The paper addresses the challenges of non-stationarity in multivariate time series forecasting. The authors propose the TwinS model, which consists of three modules: Wavelet Convolution, Period-Aware Attention, and Channel-Temporal Mixed MLP. The Wavelet Convolution handles nested periodicity for time series embedding, the Period-Aware Attention models the periodic distributions at refined receptive fields, and the Channel-Temporal Mixed MLP learns the representation within time series patches across different variates. TwinS achieves state-of-the-art performance on eight datasets compared to mainstream time series models.

优点

  1. The paper offers insights by exploring the time-frequency representations of time series through wavelet analysis.
  2. Detailed ablations and alternative implementations are provided to validate the effectiveness of each proposed component in the model.
  3. The model achieves promising performance on eight datasets compared to recent time series models.

缺点

  1. The paper is not well-written, especially because some key concepts are not elaborated, such as periodic missing states, hysteresis, and non-stationary periodic distribution. Besides, some abbreviations are not informal and inappropriately used (dim, Conv, TS, TSformers), and the figures are not portable. Thus, this paper essentially needs further polishing.
  2. The method part can be difficult to follow. In the last paragraph of Section 3.1, I still don't know how the input is embedded into the outputted representation because it is almost separated from the previous paragraph only introducing the relationship between transforms and convolutional layers.

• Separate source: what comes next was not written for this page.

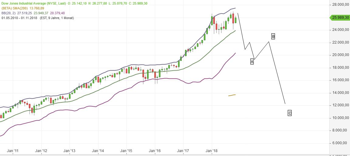 Wenn die 1 klassisch ein Drittel der ganzen Welle ausmacht, ginge die A im Dow bis ca 20000, dann eine Bärenflagge B rauf, dann eine C weiter runter. Das zieht sich aber mehr als ein Jahr hin, siehe Bild

I hope the authors can elaborate more on it.
  3. The proposed framework somewhat lacks novelty. Both wavelet analysis and patching by windows are previously used techniques for analyzing time series. The author does not compare other modular designs of related work like FEDformer. The overall architecture seems a refinement of Crossformer (What is the difference between Channel-Temporal Mixed MLP and FFN in Crossformer?) but endowed with a higher computational cost.
  4. Unclear motivations. As non-stationarity is commonly reflected by changing distribution statistics, in particular, its mean, variance, or temporal covariance varies over time. This paper focuses more on the changing periodic distribution issues, which are not well-acknowledged to stem from non-stationarity but the inherent properties of the time series itself. Could the author give more examples of the periodic distribution in highly non-stationary series and relatively stationary series?
  5. About the experiment parts. The performance improvement of non-stationary forecasting seems incremental. And the model can also perform worse than previous models on highly non-stationary data (Exchange). Also, the authors offer two variants of the model, but only solely one of the proposed models does not yield consistent promising results, indicating that model selection is inevitable in practical applications. Besides, The analysis of the model is not systematic enough. Some experiments (Tables 2,3,4) only use the results on partial datasets. It seems there is cherry-picking in particular configurations. Could the authors provide more complete results?
  6. I find the code implementation is incorporated with re-normalization, Channel-Independence, and Patchfy strategies but are not shown in Fig.2 and the method part. Since each of them can work as a general performance booster, how much do these techniques help the model, and is it dominant?

问题

  1. About the efficiency of the proposed method. Could you provide some memory/inference time evaluations?
  2. How to explain the performance fluctuations by the choices of hidden dimensions?
  3. How the Channel-Temporal Mixer Module capture the overall relations among time series as stated in the abstract?
审稿意见
5

This paper proposes a Transformer-based for handling the non-stationary time series, especially with characteristics of diverse periodic patterns. The proposed model consists of the Wavelet Convolution, Period-Aware Attention, and Channel-Temporal Mixed MLP. The experimental results verified its effectiveness.

优点

  1. This work is easy to follow.

  2. The motivation is clear.

  3. The experimental results seem to be convincing.

缺点

  1. While the motivations and introduction of the proposed method are quite clear, there are still areas that could be refined. For example, which component contributes to handling periodic distributions in non-stationary time series forecasting? I would appreciate more clarifications on the effects of each component of the proposed model.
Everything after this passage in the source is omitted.